EXERCISE PROMPT » The word "Room" marks the lines to find; copy every such line from the data below.

AVAILABLE RECORDS »
------------
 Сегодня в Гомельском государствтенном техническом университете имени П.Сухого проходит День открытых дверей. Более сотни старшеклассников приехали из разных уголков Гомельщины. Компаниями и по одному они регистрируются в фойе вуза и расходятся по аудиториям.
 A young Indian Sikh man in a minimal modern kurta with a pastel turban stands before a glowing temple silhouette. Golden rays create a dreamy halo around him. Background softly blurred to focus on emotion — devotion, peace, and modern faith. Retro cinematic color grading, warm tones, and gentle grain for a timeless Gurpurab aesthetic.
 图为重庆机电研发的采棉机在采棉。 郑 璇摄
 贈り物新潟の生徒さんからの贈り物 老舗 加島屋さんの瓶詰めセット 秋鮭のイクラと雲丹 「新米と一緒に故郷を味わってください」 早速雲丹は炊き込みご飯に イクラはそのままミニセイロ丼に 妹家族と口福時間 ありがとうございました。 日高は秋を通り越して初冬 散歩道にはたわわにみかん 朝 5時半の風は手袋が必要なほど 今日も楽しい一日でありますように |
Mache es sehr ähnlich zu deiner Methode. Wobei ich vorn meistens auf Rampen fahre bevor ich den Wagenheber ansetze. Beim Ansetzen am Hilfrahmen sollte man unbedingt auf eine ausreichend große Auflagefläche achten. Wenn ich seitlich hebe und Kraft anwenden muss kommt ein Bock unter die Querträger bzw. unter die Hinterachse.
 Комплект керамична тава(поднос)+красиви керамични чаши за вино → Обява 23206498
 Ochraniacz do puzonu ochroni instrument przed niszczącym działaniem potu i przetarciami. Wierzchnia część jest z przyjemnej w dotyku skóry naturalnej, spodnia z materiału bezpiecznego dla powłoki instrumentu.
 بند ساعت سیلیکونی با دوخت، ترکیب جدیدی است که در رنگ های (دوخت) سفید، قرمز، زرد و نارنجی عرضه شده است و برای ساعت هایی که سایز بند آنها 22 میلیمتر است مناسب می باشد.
------------
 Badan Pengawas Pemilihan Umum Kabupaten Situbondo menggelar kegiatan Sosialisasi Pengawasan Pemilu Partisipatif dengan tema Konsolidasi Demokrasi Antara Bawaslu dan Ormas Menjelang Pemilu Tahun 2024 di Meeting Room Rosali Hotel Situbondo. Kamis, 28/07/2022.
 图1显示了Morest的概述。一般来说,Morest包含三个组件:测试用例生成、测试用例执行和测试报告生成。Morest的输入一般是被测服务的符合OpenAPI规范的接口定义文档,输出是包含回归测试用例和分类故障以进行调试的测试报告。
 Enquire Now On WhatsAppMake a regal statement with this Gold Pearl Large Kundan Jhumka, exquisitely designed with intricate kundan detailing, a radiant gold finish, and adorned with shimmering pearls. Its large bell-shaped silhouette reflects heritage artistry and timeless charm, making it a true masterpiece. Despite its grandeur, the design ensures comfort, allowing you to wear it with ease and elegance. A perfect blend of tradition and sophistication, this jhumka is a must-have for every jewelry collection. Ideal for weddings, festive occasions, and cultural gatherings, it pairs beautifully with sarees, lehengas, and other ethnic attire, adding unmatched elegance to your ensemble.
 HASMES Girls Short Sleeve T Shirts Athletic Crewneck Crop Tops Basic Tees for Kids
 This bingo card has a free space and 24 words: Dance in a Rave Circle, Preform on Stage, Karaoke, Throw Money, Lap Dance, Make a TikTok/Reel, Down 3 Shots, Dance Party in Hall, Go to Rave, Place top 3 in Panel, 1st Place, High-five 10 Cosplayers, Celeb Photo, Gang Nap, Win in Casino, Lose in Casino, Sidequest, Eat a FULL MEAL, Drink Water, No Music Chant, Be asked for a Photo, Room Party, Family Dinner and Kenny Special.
------------
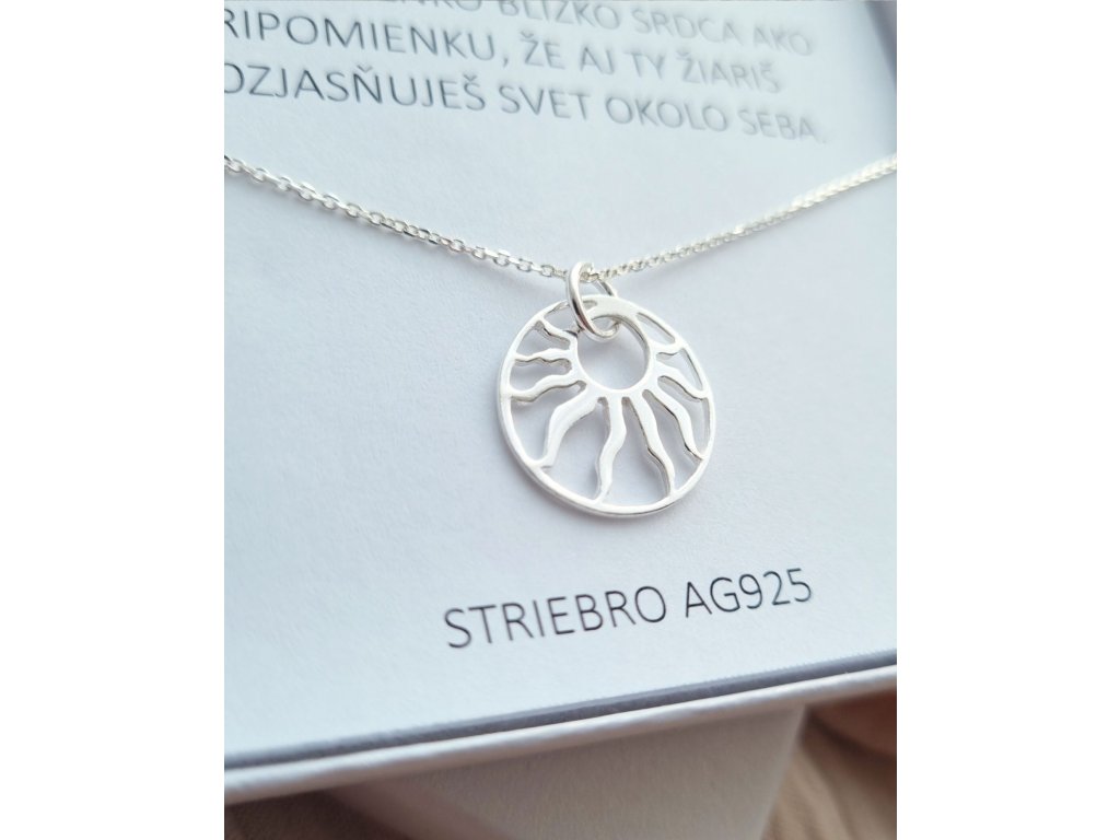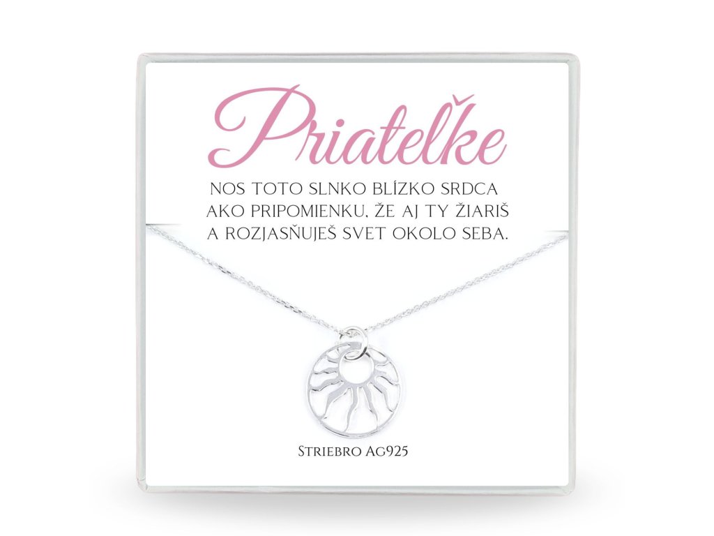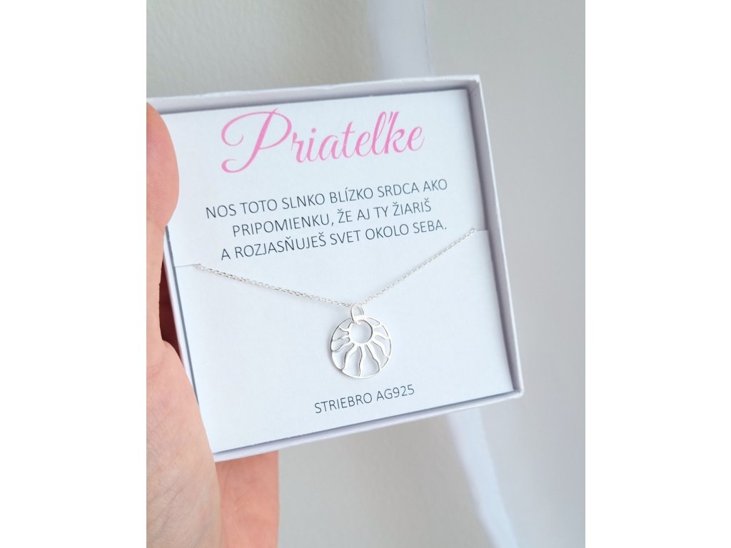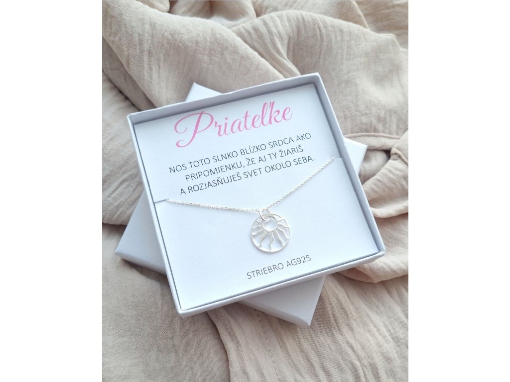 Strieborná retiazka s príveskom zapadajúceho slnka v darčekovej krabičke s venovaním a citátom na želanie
------------
RESULT OF THIS EXERCISE »
 Badan Pengawas Pemilihan Umum Kabupaten Situbondo menggelar kegiatan Sosialisasi Pengawasan Pemilu Partisipatif dengan tema Konsolidasi Demokrasi Antara Bawaslu dan Ormas Menjelang Pemilu Tahun 2024 di Meeting Room Rosali Hotel Situbondo. Kamis, 28/07/2022.
 This bingo card has a free space and 24 words: Dance in a Rave Circle, Preform on Stage, Karaoke, Throw Money, Lap Dance, Make a TikTok/Reel, Down 3 Shots, Dance Party in Hall, Go to Rave, Place top 3 in Panel, 1st Place, High-five 10 Cosplayers, Celeb Photo, Gang Nap, Win in Casino, Lose in Casino, Sidequest, Eat a FULL MEAL, Drink Water, No Music Chant, Be asked for a Photo, Room Party, Family Dinner and Kenny Special.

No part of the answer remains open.